Label treatment subjects:
matched$treat<-as.numeric(matched$treat==1)
Work-Life Balance Rating for treated & control subjects (displayed separately & just the first few):
y_trt_matched<-matched$work_life_balance_rating[matched$treat==1]
head(y_trt_matched)
- 3
- 2
- 2
- 3
- 2
- 2
y_con_matched<-matched$work_life_balance_rating[matched$treat==0]
head(y_con_matched)
- 2
- 2
- 1
- 5
- 3
- 4
Confirming length of each (264) matches up with 264 pairs:
length(y_con_matched)
Mean work-life balance rating for treated & control:
mean(y_trt_matched)
mean(y_con_matched)
Difference in average work-life balance rating between treated vs. control subjects is -1.6:
mean(y_trt_matched)-mean(y_con_matched)
diffy<-y_trt_matched-y_con_matched
print(head(diffy))
[1] 1 0 1 -2 -1 -2

A t-Test was performed to compare the difference between the two means:
For matched data, the difference in means of work-life balance rating for treated vs. control is -0.16. This result is not signficant given the p-value of 0.21.

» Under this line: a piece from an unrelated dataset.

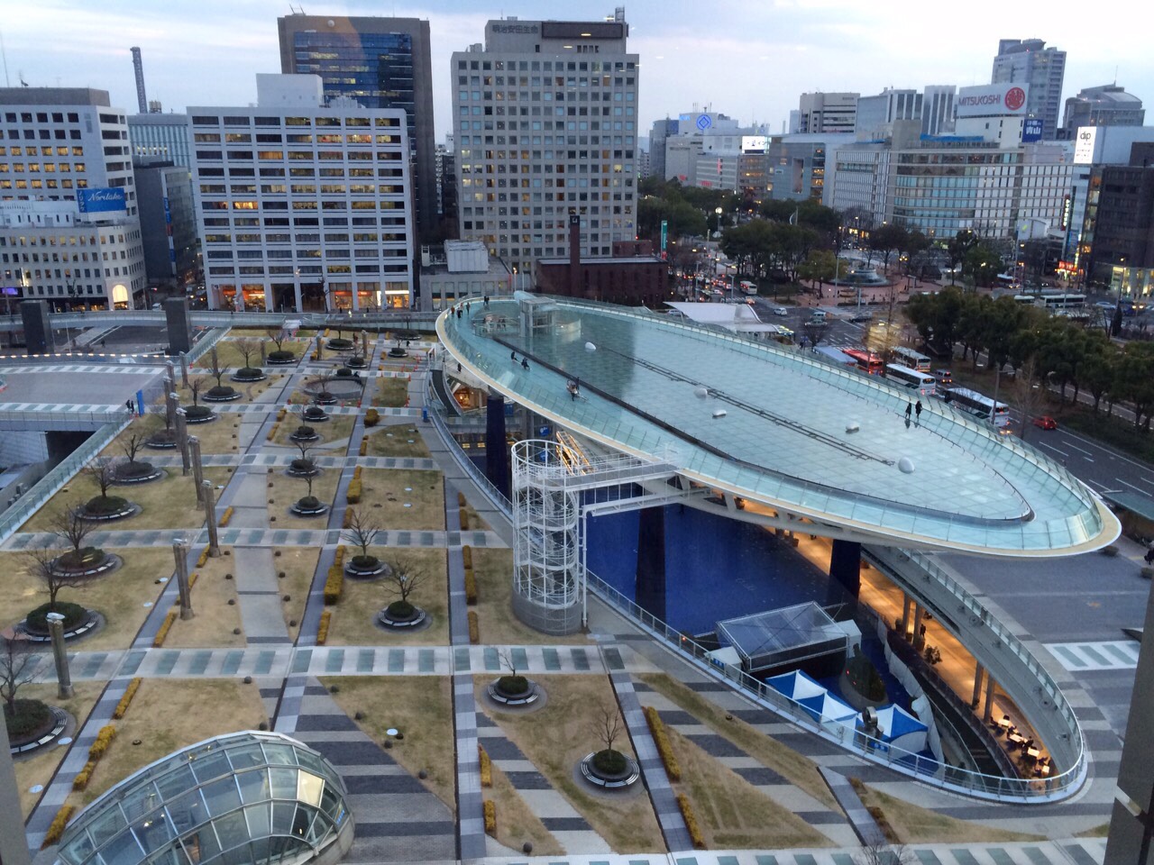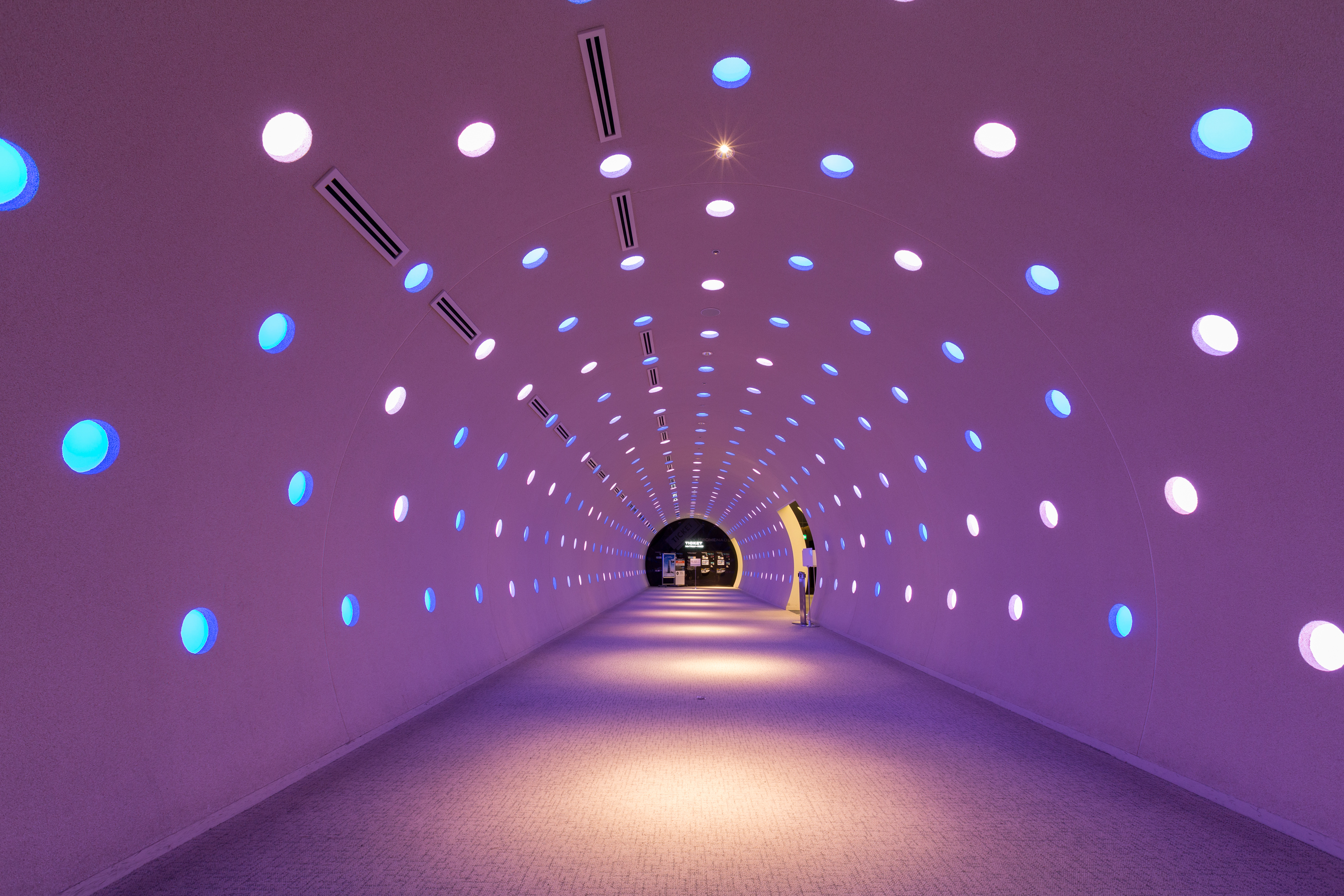 「ミッドランドスクエア スカイプロムナードの近未来的な通路」

95% confidence interval is also ~ -0.40-0.09, and therefore it includes 0, meaning there is no strong evidence in a difference in the means between treatment vs. control in the matched data
"diffy" is already the paired difference, so a simple one-sample t-test on diffy is equivalent to a paired t-test.
t.test(diffy)
One Sample t-test data: diffy t = -1.2518, df = 263, p-value = 0.2117 alternative hypothesis: true mean is not equal to 0 95 percent confidence interval: -0.39958173 0.08897566 sample estimates: mean of x -0.155303

Rosenbaum's Gamma test tests for unobserved confounding by seeing how easily the conclusion would change if the odds of treatment of treatment vs. control changed (e.g., if a small change (in gamma: ratio (in a match of person j & k) person j's odds to treatment person k's odds of treatment) changes the conclusion then it’s very sensitive).
This is more important if the result is significant. In this case the result was not significant, but the below sensitivity test also validates it's not masking a hidden effect.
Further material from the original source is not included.